Erra a Assembléia Legislativa de duas maneiras. Primeiro, porque o anonimato é vedado pela própria Constituição em seu artigo 5.º e é também devidamente tratado pelos códigos Civil, Penal e de Processo Penal, além de muitos outros dispositivos federais infraconstitucionais. Logo, em tese, o projeto aprovado "chove no molhado", o que revela a fragilidade do assessoramento jurídico prestado aos senhores deputados – ou, o que é mais plausível e pior, que nossos parlamentares não lhe dão importância quando se trata de defender seus próprios interesses.

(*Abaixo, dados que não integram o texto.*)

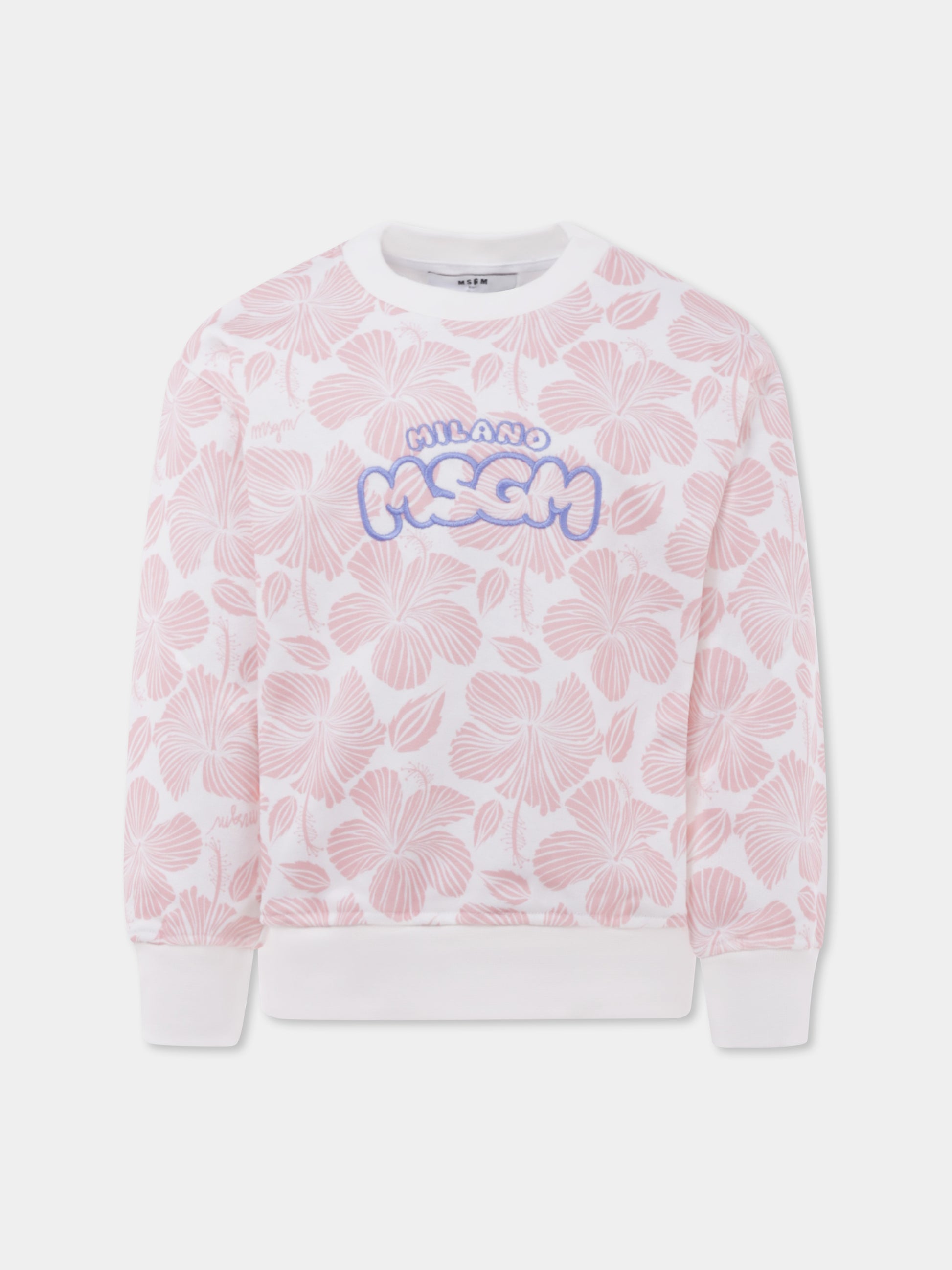 Colore: Rosa Descrizione: Felpa rosa in cotone garzato, a maniche lunghe, con girocollo, polsini e orlo a costine. È decorata con con stampa fiori all-over e logo ricamato sulla parte anteriore. Made in Italy Dettagli: 100% Cotone. Lavare a 30°C.
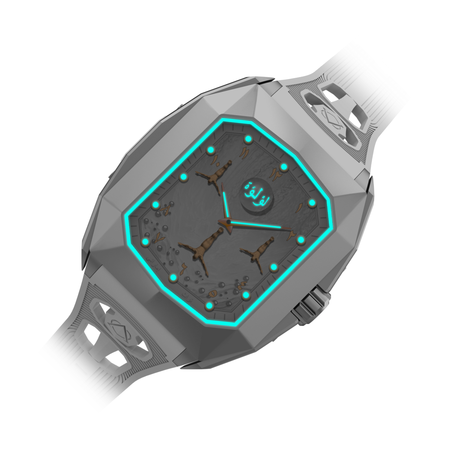Ghawwasu Al-Lu’lu’ numerals and watch hands are illuminated with Swiss Super-LumiNova that glows in low-light conditions. This helps Ghawwasu Al-Lu’lu’ watch shine in the desert night or move like lightning through urban darkness.
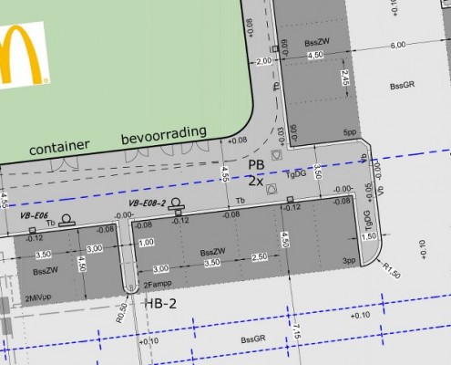 Voor deze nieuwe locatie met onder meer een Drive-lane, parkeerplaats en hellingbaan is de civiel technische voorbereiding door ons verzorgd. Extra uitdaging dan wel beperking zijn de aanwezigheid van watertransportleiding en hoogspanningstracé.
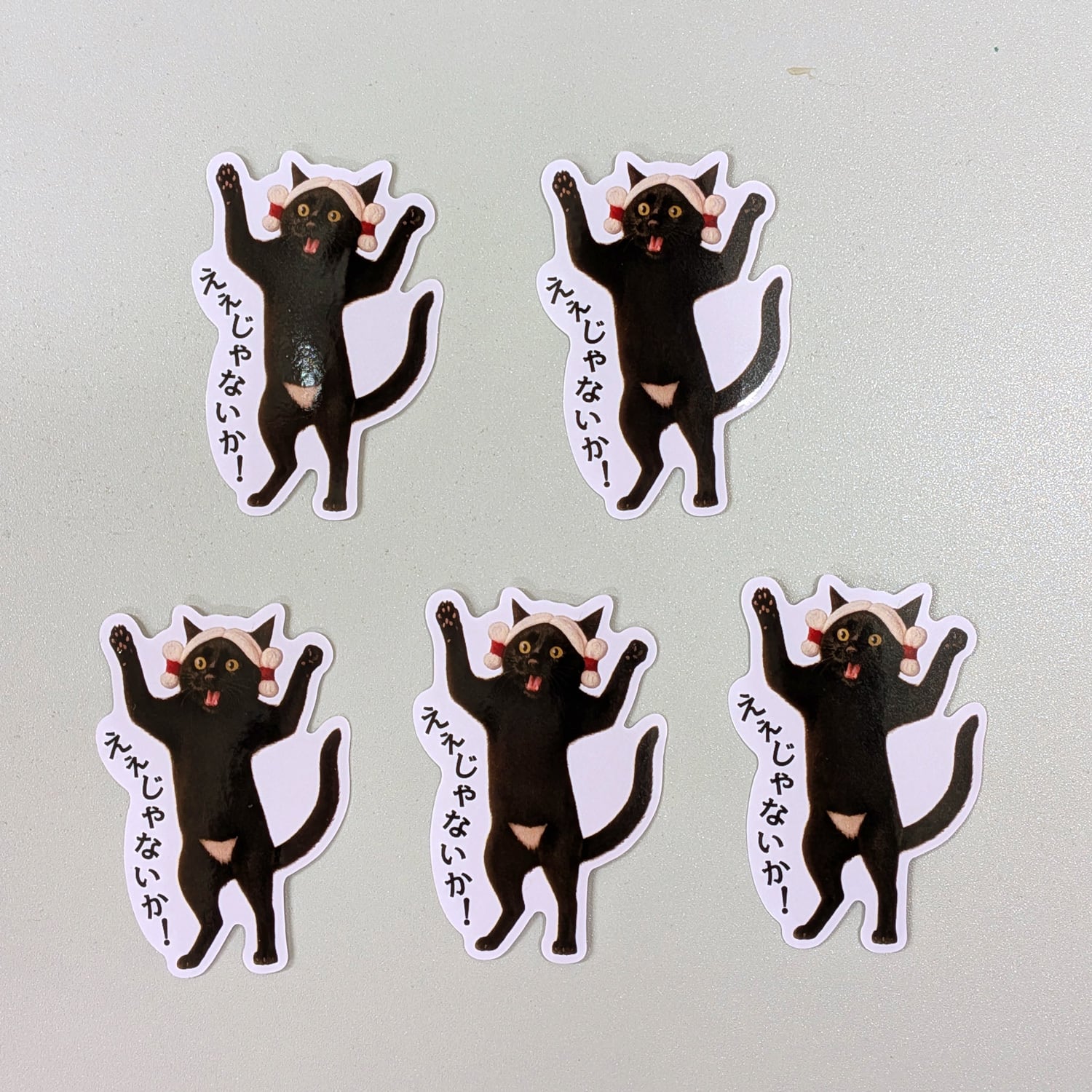 【送料無料 5枚セット】気持ちが楽に!みずら猫が「ええじゃないか!」と言ってくれるステッカー(防水)
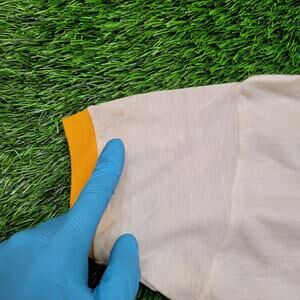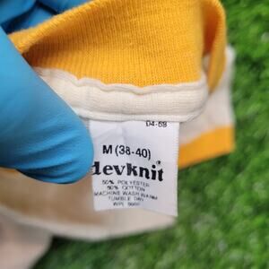 Vintage 70s Norwalk HS marching band ringer tee DevKnit USA 50/50 paper thin yellow white single stitch slim fit XS long.
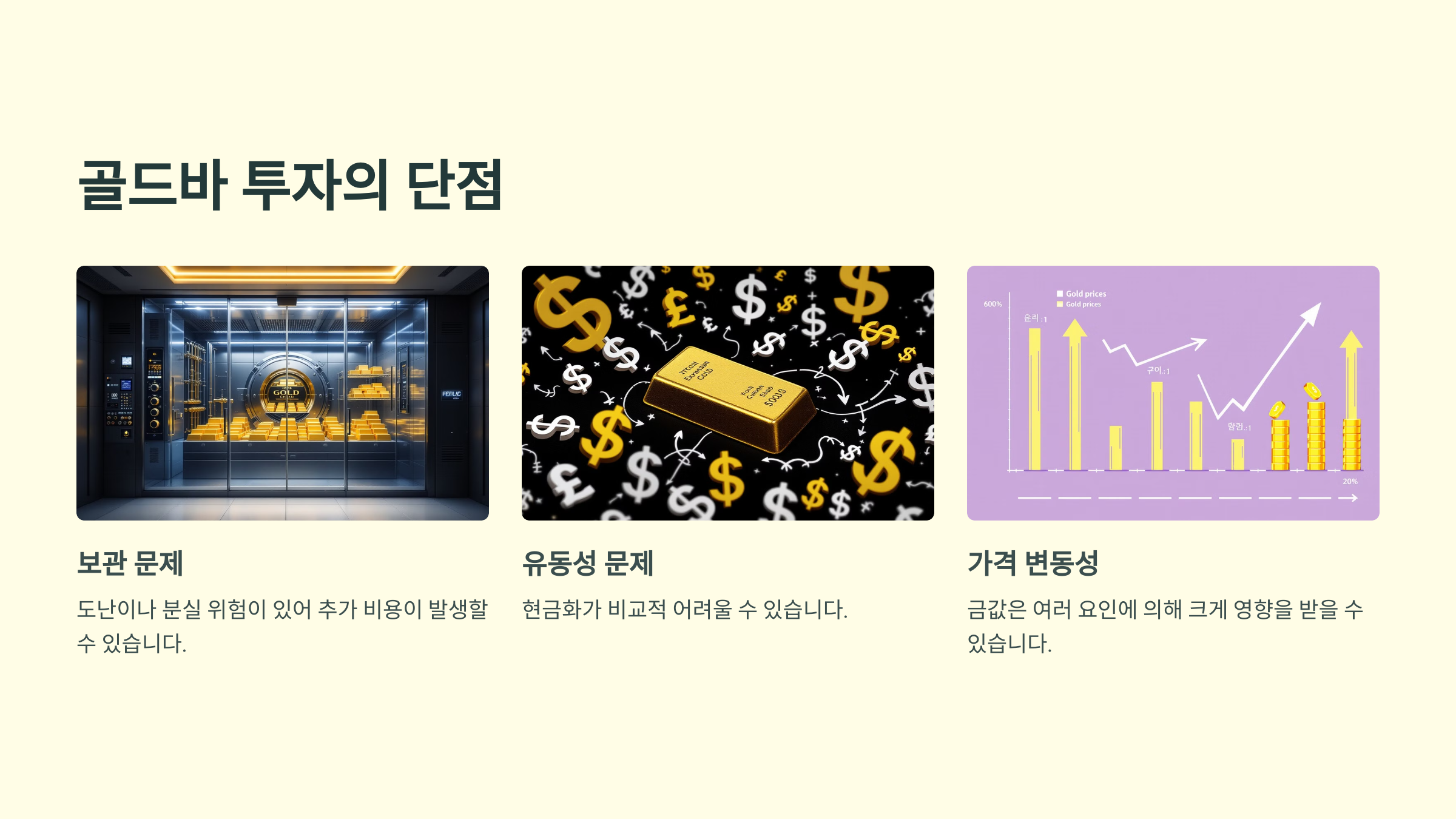 골드바 투자에도 단점이 존재해요. 첫 번째는 보관과 관련된 문제가 있어요. 골드바는 실물 자산이기 때문에 도난이나 분실의 위험이 있어요. 따라서 안전하게 보관하기 위해 은행의 금고 서비스나 개인 금고를 사용하는 것이 중요하답니다. 이러한 추가 비용이 발생할 수 있다는 점은 투자자들이 고려해야 할 부분이에요.
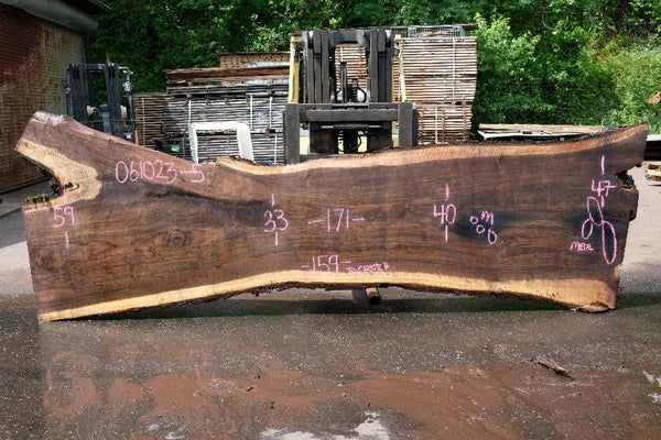 Black Walnut slab from Goby Walnut measuring 3.25" thick x 59"-33"-40"-47" wide x 159"-171" long
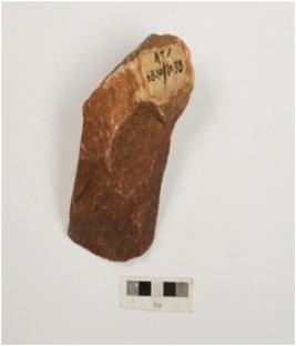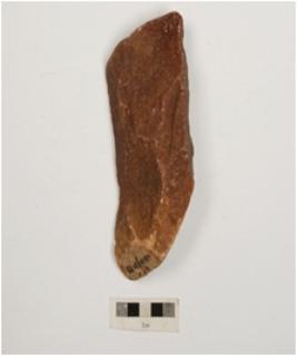 | Description / विवरण | A unifacial side scraper on side struck flake with flake scars, cortex on surface and irregular retouches on cutting edge. |
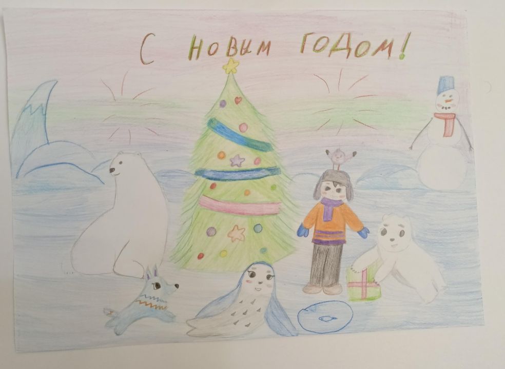 Новый год с Умкой! Красивая и чудесная елочка украшает льдины.

É nesse ponto que entra o segundo erro cometido por Suas Excelências, pois é visível a intenção implícita de criar mais um meio de autoproteção, extensivo aos membros dos demais poderes constituídos. Já não lhes basta contar com o foro privilegiado – aquele tão combatido instituto legal que faz das autoridades públicas cidadãos especiais sobre os quais não podem recair os procedimentos reservados aos cidadãos comuns, relegados à segunda classe. Coisa, aliás, que uma emenda aposta ao projeto original, de autoria do deputado Marcelo Rangel, embora bem-intencionada, deixa mais claro: o anonimato só será aceito para efeitos legais nos serviços de disque-denúncia, normalmente dedicados a receber informações sobre pequenos traficantes ou viciados em drogas.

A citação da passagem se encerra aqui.